Philippines’ renewable energy for takeoff as coal faces termination

Almost 1,500 MW of wind and solar are now in operation, along with 655 MW of solar that secured financing.

A list of planned coal projects dwindles in the Philippines, the Institute of Energy Economics and Financial Analysis (IEEFA) reported.

In the report, IEEFA enumerated: Meralco and Semirara Mining Corporation cancelled their proposed 700-megawatt (MW) coal plant in Calaca, Batangas, November 20200; five months later, a joint venture of Meralco and Aboitiz Corporation announced that its proposed 660-MW coal plant in Subic, Zambales was cancelled; and Meralco now explores replacing its proposed 1200-MW Atimonan One coal project with a natural gas facility after struggling to find financing.

The country’s energy sector is on the edge of rapid change, with a renewable energy industry poised for takeoff, and fossil fuels struggling to maintain relevance. Pressures on policymakers to accelerate the clean energy transition are made by local activists so progress on energy and climate goals will be achieved.
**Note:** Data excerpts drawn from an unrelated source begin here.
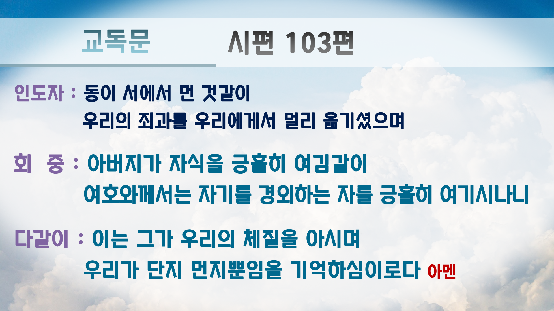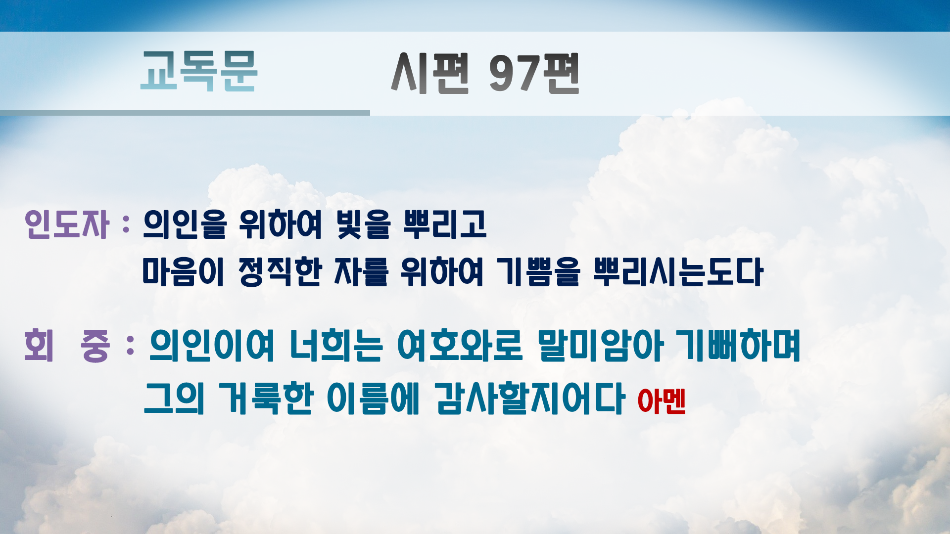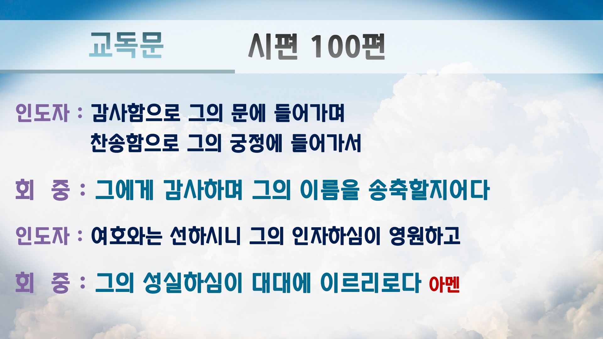 교독문에는 원래 '아멘'이 없지만 PPT만 보는 회중쪽에서 언제 끝나는지 몰라하셔서 끝나는 곳에 '아멘'을 추가 했습니다.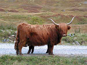 Die niedliche und zottelige Schottische Kuh |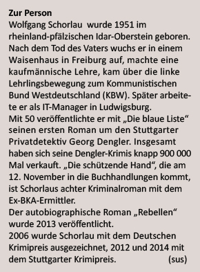 Der 64-Jährige hat eine harte Zeit hinter sich. In seinem neuesten Politthriller hat der Kriminalschriftsteller seinen Privatermittler Dengler in ein Haifischbecken geworfen, in dem die Haie ziemlich real und noch sehr lebendig sind. Er lässt den Stuttgarter Ex-BKA-ler zum "Nationalsozialistischen Untergrund", kurz NSU, ermitteln, während in München noch der Prozess gegen Beate Zschäpe läuft und in hessischen, nordrhein-westfälischen und baden-württembergischen Untersuchungsausschüssen versucht wird, die Wahrheit zum NSU-Komplex zu ermitteln. Am 12. November wird "Die schützende Hand" erscheinen.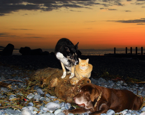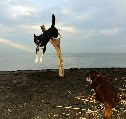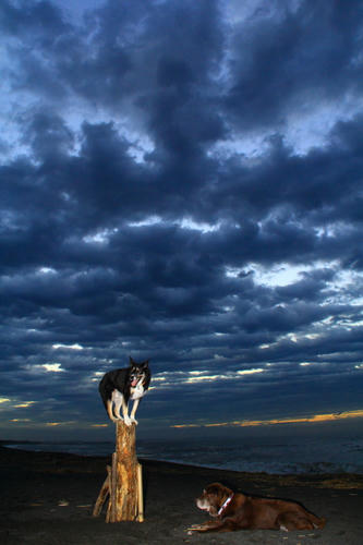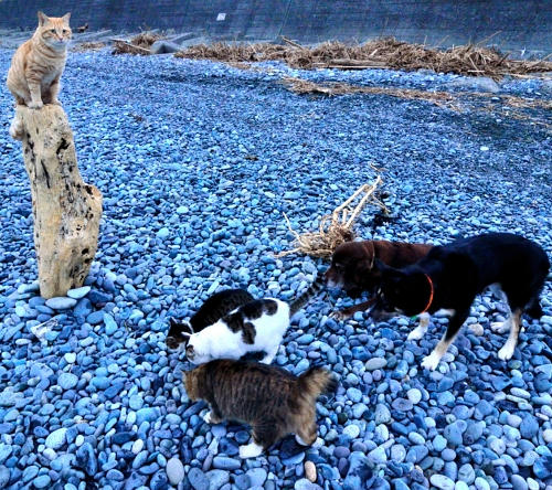海に着くとネコさんもお月見をするみたいな

As the Philippines is located in the Pacific Typhoon Belt and the Ring of Fire, the country is terribly susceptible to increasingly persistent and severe natural disasters. The slow onset of climate events such as the rise of sea level and drought also impacts the state. 

Whilst coal still contributes 57% of the country’s power when the Renewable Energy Act was passed, the government maintains an ambitious national target of 35% share of clean energy in the generation mix by 2030. As of date, domestically produced natural gas is responsible for 19% of the country’s power, renewables for 21% which includes only 2% from variable renewables like wind and solar. 
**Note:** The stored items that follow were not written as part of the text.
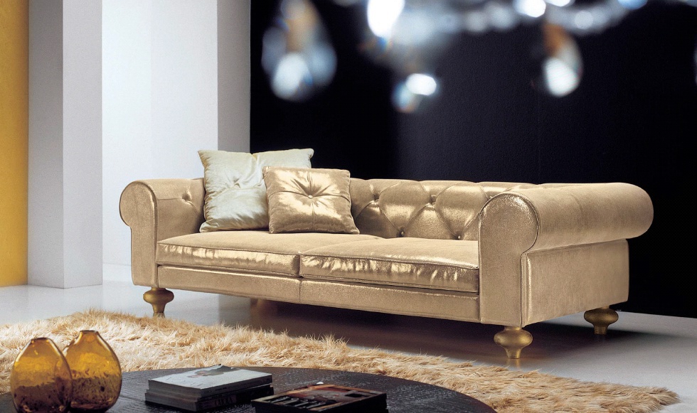 The Joyce sofa from Italian manufacturer Formerin. The frame is made of wood. Wooden legs, lacquered. Possible finishes: gold or black lacquer. Upholstered in textile or leather from the company portfolio. Colours in stock. The back is decorated with stitch - Capito.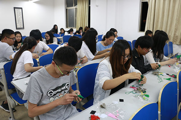端午临中夏,时清日复长。学子颂诗词,经典且传扬。此次活动分三个环节进行,在诗词接龙中,同学们信心满满,只待一争高下,主持人也是妙语连珠,题目百出,你出上联,我对下联,你诵诗篇,我答作者,节目好生热闹。诗词连连看中,同学们也是思维敏捷,对答如流,亲友团们更是热情鼓励,打气加油,将活动推向高潮。手工香包的缝制,则展示了女生们的心灵手巧,穿针引线,纤手巧弄,一只只精美的香包便呈现出来,浓浓的佳节氛围蕴满活动现场。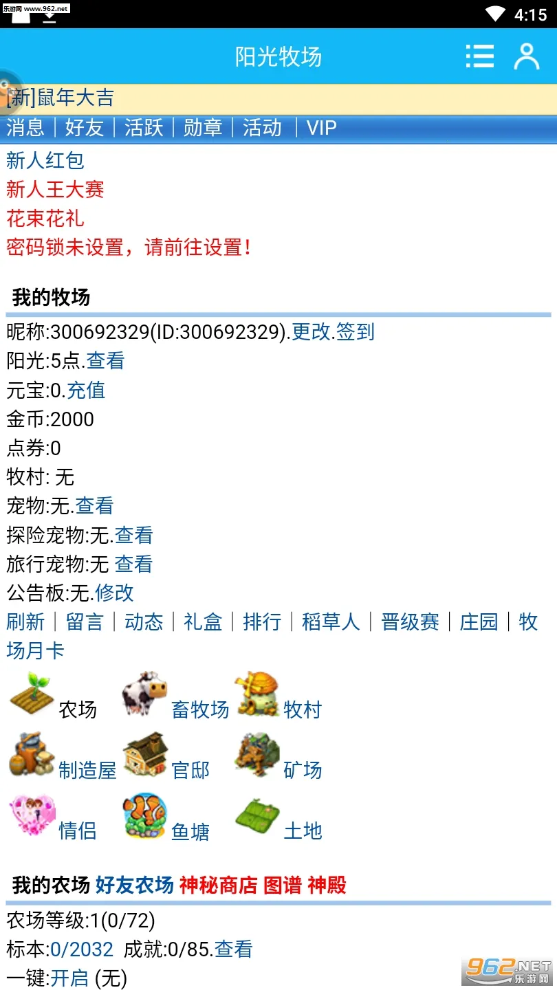阳光牧场是一款牧场题材经营手游。玩家扮演牧场主,管理日常、种植作物、养殖动物,能与好友互动偷菜。玩法丰富,界面清新,操作简单,以文字图片为主,带你重温偷菜时光,享受悠闲牧场生活 。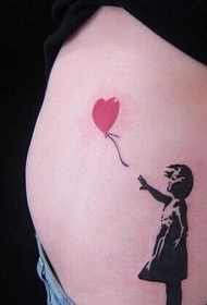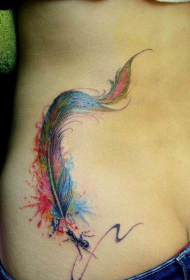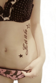 美女腰部彩绘花朵藤蔓和英文字母组合纹身图案

The government’s national target for clean energy will require an additional 20GW of renewables. During the Paris Agreement in April, the country pledged in its Nationally Determined Contribution to reduce its greenhouse gas emissions by 75% by 2030, though it will be largely contingent on external financing availability. 
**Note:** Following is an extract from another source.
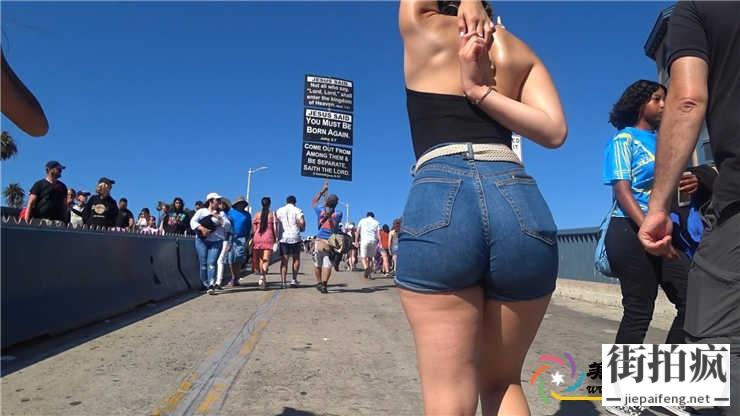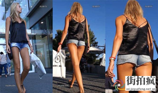 街拍蓝色牛仔热裤金发洋妞性感身材大长腿圆润翘臀[MP4/408M]

The government announced a moratorium on new coal-fired power plants in October 2020 which left the door slightly open for coal projects already underway. Domestic conglomerates such as Ayala Corporation and San Miguel Corporation also withdraw in backing new coal projects. 

This further results in financiers becoming increasingly wary of exposure to stranded assets. Rizal Commercial Banking Corporation became the first domestic bank to exit coal financing in December 2020 after the Bank of Philippine Islands committed that by 2026, it will cut its coal exposure in half. Nevertheless, the government considers innovative financing mechanisms to acquire old and underutilized coal assets in Mindanao with intention of stopping the projects permanently. 

The economic reality that coal-fired power plants increase the risk for investors and subject consumers to high cost, drives the shift from coal. An average Filipino household pays around $0.189 (PHP 9.5) per kilowatt-hour, which is the highest rate in Southeast Asia.

The country’s renewable energy is preparing to soar. Almost 1,500 MW of wind and solar are now in operation, along with 655 MW of solar that secured financing. According to official figures, an increase of 17,379MW of wind and solar are in earlier stages of development.

Although there have been delays in the new regulatory incentives for variable wind and solar power, the government plans to hold an auction in October to engage clean energy investments and considers increasing the country’s Renewable Portfolio Standard, which requires large power off-takers to procure an increasing share of renewable energy. This could result in at least 56% of the country’s energy mix coming from renewables by 2040, limiting the need for large, baseload fossil fuel power plants.